The policy applies to each Director and executive officer or their affiliates. The policy governs certain
corporate opportunities as well as certain related party transactions. For purposes of the policy, a “Corporate
Opportunity” means any opportunity (1) that a Director or executive officer reasonably believes is within the
Company’s existing line of business or is one in which the Company either has an existing interest or a reasonable
expectancy of an interest; and (2) the Company is reasonably capable of pursuing. The Corporate Opportunity
Policy also governs (1) any transaction where the Company is investing in entities in which an executive officer or
Director (or affiliates) has a material interest; or (2) any transaction between the Company and other entities
controlled by the Company, on the one hand, and any executive officer or Director (or any affiliate of such persons)
on the other hand.
Under the policy, except as otherwise provided, each Director and executive officer is required to submit any
such proposed transaction to the Governance Committee for review. In its review, the Governance Committee is to
consider all relevant facts and circumstances to determine whether it should (i) reject the proposed transaction;
(ii) conclude that the proposed transaction is appropriate and suggest that the Company pursue it on the terms
presented or on different terms, and in the case of a Corporate Opportunity suggest that the Company pursue the
Corporate Opportunity on its own, with the party who brought the proposed transaction to the Company’s attention
or with another third party; or (iii) ask the Board to consider the proposed transaction so the Board may then take
either of the actions described in (i) or (ii) above, and, at the Governance Committee’s option, in connection with
(iii), make recommendations to the Board.

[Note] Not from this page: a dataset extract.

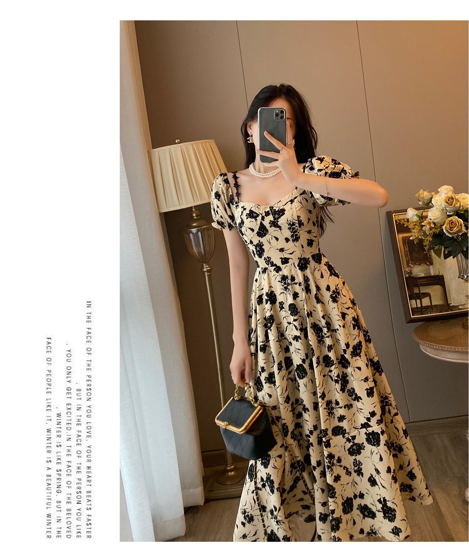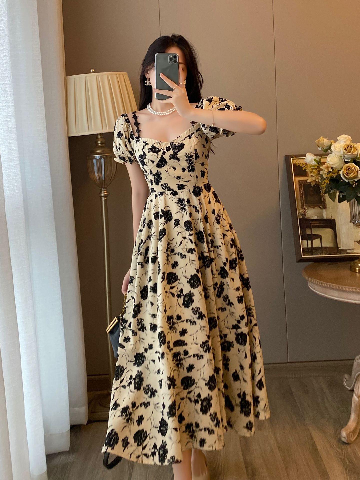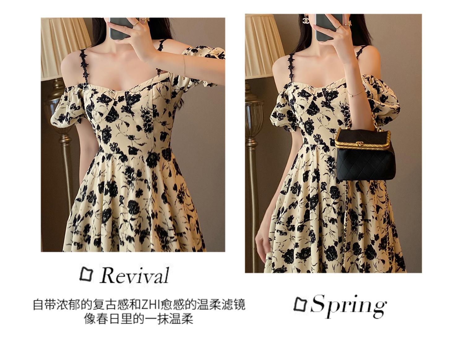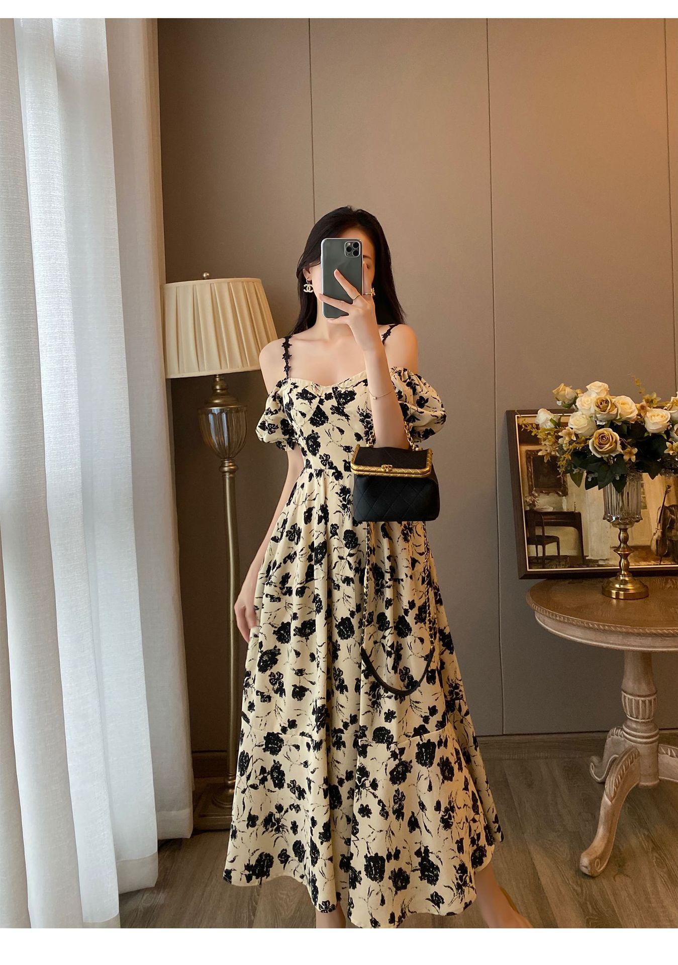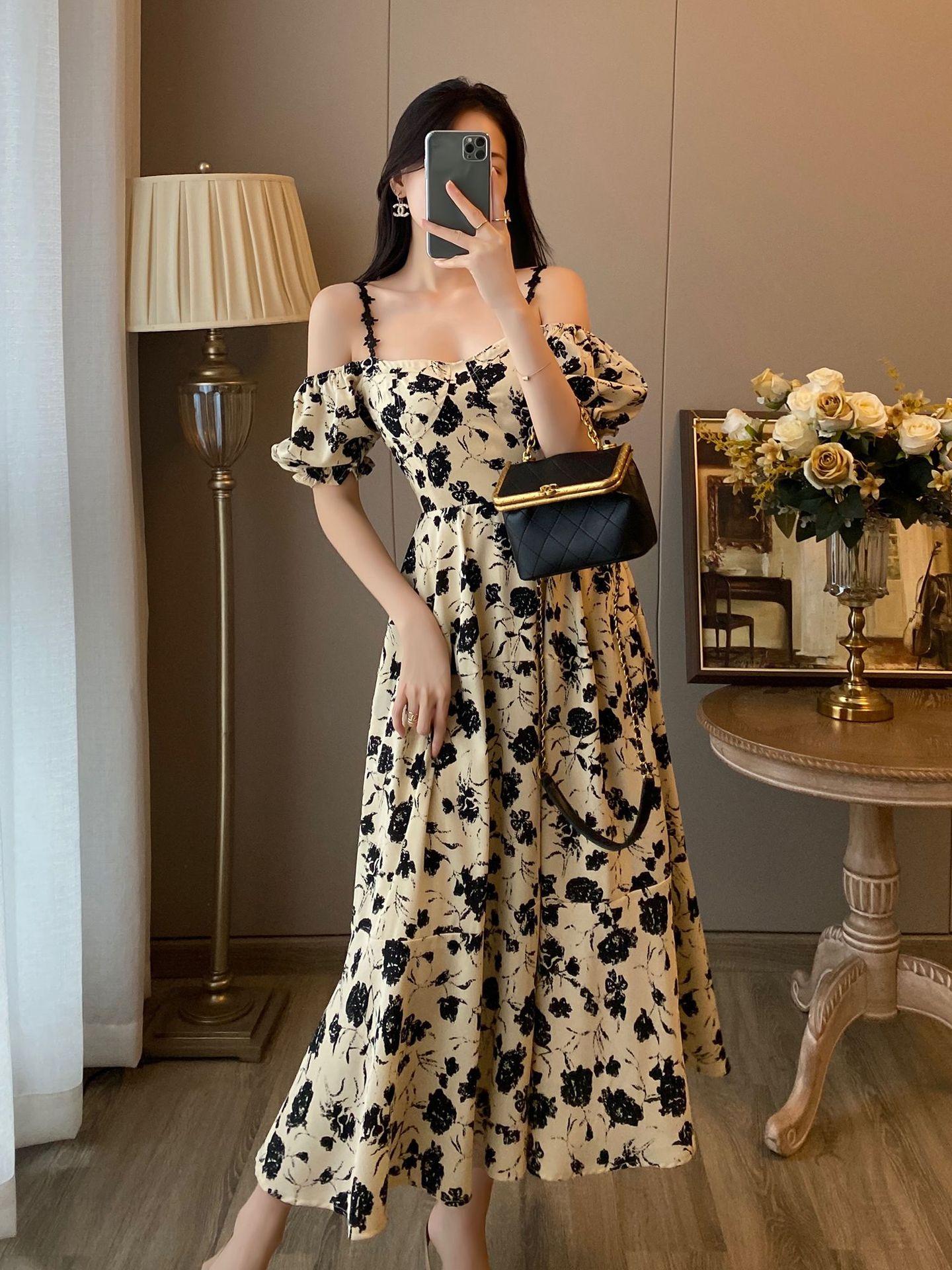 Vestido floral vintage francés estilo Hepburn con hombros descubiertos y falda de manga corta, vestido largo elegante de verano con cintura nueva.

Any person bringing a proposed transaction to the Governance Committee is obligated to provide any and all
information requested by the Governance Committee and, if a Director, to recuse himself from any vote or other
deliberation.
Historically the Company has employed these pre-established procedures also with respect to transactions
involving known beneficial holders of more than five percent of Shares.
The policy may be changed at any time by the Board.
OTHER MATTERS
The Board is not aware of any matters not referred to in this proxy statement that will be presented for action at
the Annual Meeting. If any other matters properly come before the Annual Meeting, it is the intention of the persons
named in the enclosed proxy to vote the Shares represented thereby in accordance with their discretion.
SOLICITATION COSTS
The Company will pay the cost of soliciting proxies for the Annual Meeting, including the cost of mailing. The
solicitation is being made by mail and over the Internet and may also be made by telephone or in person using the
services of a number of regular employees of the Company at nominal cost. The Company will reimburse banks,
brokerage firms and other custodians, nominees and fiduciaries for expenses incurred in sending proxy materials to
beneficial owners of Shares. The Company has engaged D.F. King & Co., Inc. to solicit proxies and to assist with the
distribution of proxy materials for a fee of $18,500 plus reasonable out-of-pocket expenses.